The main international legal safeguard for historically and humanistically important institutions and sites is The Hague Convention for the Protection of Cultural Property in the Event of Armed Conflict, signed on May 14, 1954. The United States is not a party to that convention, primarily because, during the Cold War, it feared that the treaty might restrict its freedom to engage in nuclear war, but during the 1991 Gulf War the elder Bush’s administration accepted the convention’s rules and abided by a “no-fire target list” of places where valuable cultural items were known to exist. 134UNESCO (United Nations Educational, Scientific and Cultural Organization) and other guardians of cultural artifacts expected the younger Bush’s administration to follow the same procedures in the 2003 war.

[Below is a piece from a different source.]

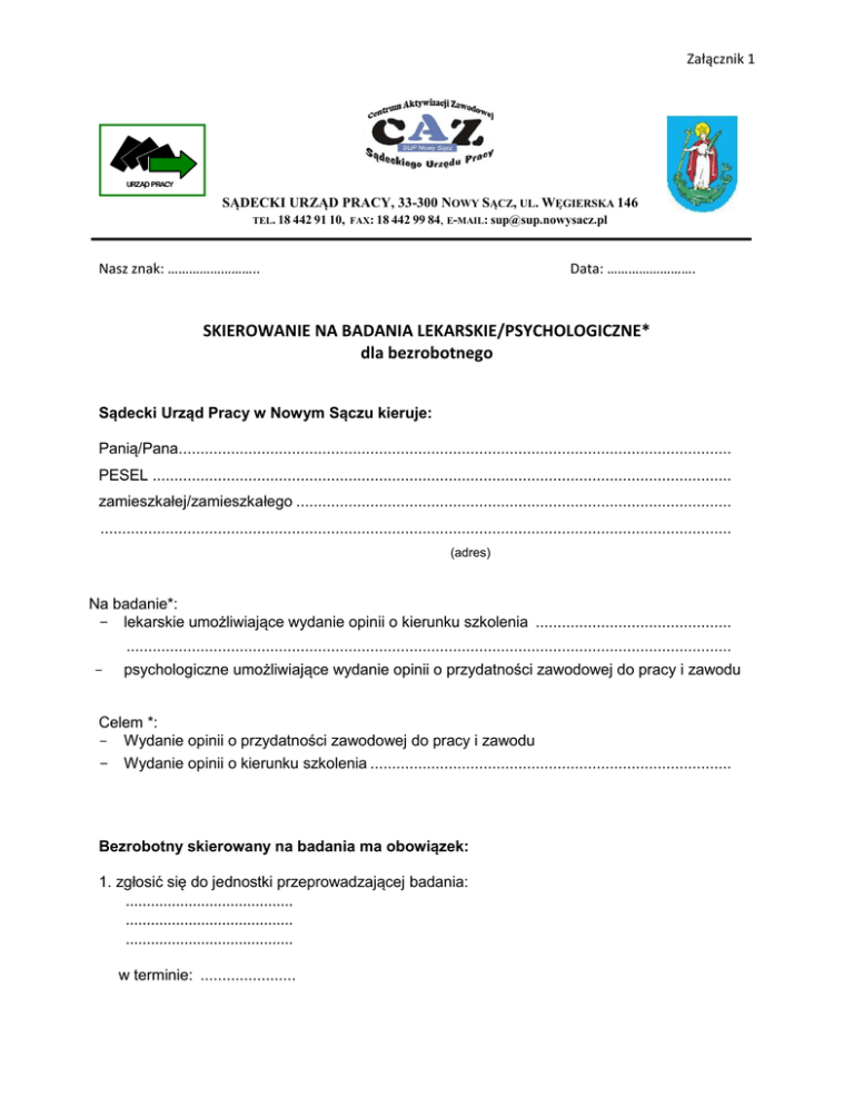 Załącznik 1 URZĄD PRACY SĄDECKI URZĄD PRACY, 33-300 NOWY SĄCZ, UL. WĘGIERSKA 146 TEL. 18 442 91 10, FAX: 18 442 99 84, E-MAIL: [email protected] Nasz znak: …………………….. Data: ……………………. SKIEROWANIE NA BADANIA LEKARSKIE/PSYCHOLOGICZNE* dla bezrobotnego Sądecki Urząd Pracy w Nowym Sączu kieruje: Panią/Pana............................................................................................................................... PESEL ..................................................................................................................................... zamieszkałej/zamieszkałego .................................................................................................... ................................................................................................................................................. (adres) Na badanie*: - lekarskie umożliwiające wydanie opinii o kierunku szkolenia ............................................. ........................................................................................................................................... - psychologiczne umożliwiające wydanie opinii o przydatności zawodowej do pracy i zawodu Celem *: - Wydanie opinii o przydatności zawodowej do pracy i zawodu - Wydanie opinii o kierunku szkolenia ................................................................................... Bezrobotny skierowany na badania ma obowiązek: 1. zgłosić się do jednostki przeprowadzającej badania: ........................................ ........................................ ........................................ w terminie: ...................... Załącznik 1 2. poddać się badaniom lekarskim lub psychologicznym mającym na celu ustalenie zdolności do pracy lub udziału w innej formie pomocy określonej w ustawie - nieuzasadniona odmowa skutkuje utratą statusu bezrobotnego, na okres: a) 120 dni w przypadku pierwszej odmowy, b) 180 dni w przypadku drugiej odmowy, c) 270 dni w przypadku trzeciej i każdej kolejnej odmowy. 3. zgłosić się do Sądeckiego Urzędu Pracy z opinią dotyczącą przydatności zawodowej do pracy i zawodu albo kierunku szkolenia, sporządzoną na podstawie przeprowadzonych badań w dniu …….....* w celu poinformowania o efektach udzielonej pomocy. 4. w przypadku przerwania badań, w trakcie ich przeprowadzania z własnej winy, zwrócić koszty badań. *niepotrzebne skreślić Podstawa prawna: Art. 2 ust. 3, art. 40 ust. 5 Ustawy o promocji zatrudnienia i instytucjach rynku pracy z dn. 20.04.2004 r. (tekst jednolity Dz. U. z 2013 r. poz. 674 z późn. zm.): Art. 33 ust, 4, pkt. 3 Ustawy o promocji zatrudnienia i instytucjach rynku pracy z dn. 20.04.2004 r. (tekst jednolity Dz. U. z 2013 r. poz. 674 z późn. zm.); Zapoznałem(am) się z informacjami zawartymi w skierowaniu oraz potwierdzam odbiór 2 egzemplarzy (w tym jednego w celu dostarczenia do instytucji prowadzącej badania). ............................................... (data i podpis osoby skierowanej) SUP-RPP-10 ........................................................ (podpis pracownika Urzędu Pracy upoważnionego do wystawiania skierowania)

Moreover, on March 26, 2003, the Pentagon’s Office of Reconstruction and Humanitarian Assistance (ORHA) headed by Lieutenant General (ret.) Jay Garner, the civil authority the United States had set up for the moment hostilities ceased, sent to all senior U.S. commanders a list of sixteen institutions that “merit securing as soon as possible to prevent further damage, destruction, and/or pilferage of records and assets.” The five-page memo dispatched two weeks before the fall of Baghdad also said, “Coalition forces must secure these facilities in order to prevent looting and the resulting irreparable loss of cultural treasures” and that “looters should be arrested/detained.” First on General Garner’s list of places to protect was the Central Bank of Iraq, which is now a ruin; second was the National Museum of Iraq; sixteenth was the Oil Ministry, one of only two places that U.S. forces occupying Baghdad actually defended (the other was the Interior Ministry). Martin Sullivan, chair of the President’s Advisory Committee on Cultural Property for the previous eight years, and Gary Vikan, director of the Walters Art Museum in Baltimore and a member of the committee, both resigned to protest the failure of Centcom to obey orders. Sullivan said it was “inexcusable” that the museum should not have had the same priority as the Oil Ministry. 135

As we now know, the American forces made no effort to prevent the looting of the great cultural institutions of Iraq. Its soldiers, often stationed nearby, simply watched vandals enter and torch the buildings. Professor Said Arjomand, an editor of the journal Studies on Persianate Societies and a professor of sociology at the State University of New York at Stony Brook, wrote, “Our troops, who have been proudly guarding the Oil Ministry, where no window is broken, deliberately condoned these horrendous events.” 136American commanders claim that, to the contrary, they were too busy fighting and had too few troops to protect the museum and libraries. However, this seems to be an unlikely explanation. During the battle for Baghdad, the U.S. military was perfectly willing to dispatch some two thousand troops to secure northern Iraq’s oil fields, and their record on antiquities did not improve when the fighting subsided. At the six-thousand-year-old Sumerian city of Ur with its massive ziggurat, or stepped temple tower (built in the period 2112-2095 BC, and restored by Nebuchadnezzar II in the sixth century BC), the marines spray-painted their motto, Semper Fi (semper fidelis, “always faithful”), onto its walls. 137The military then made the monument “off limits” to everyone in order to disguise the desecration that had occurred there, including the looting by U.S. soldiers of clay bricks used in the construction of the ancient buildings.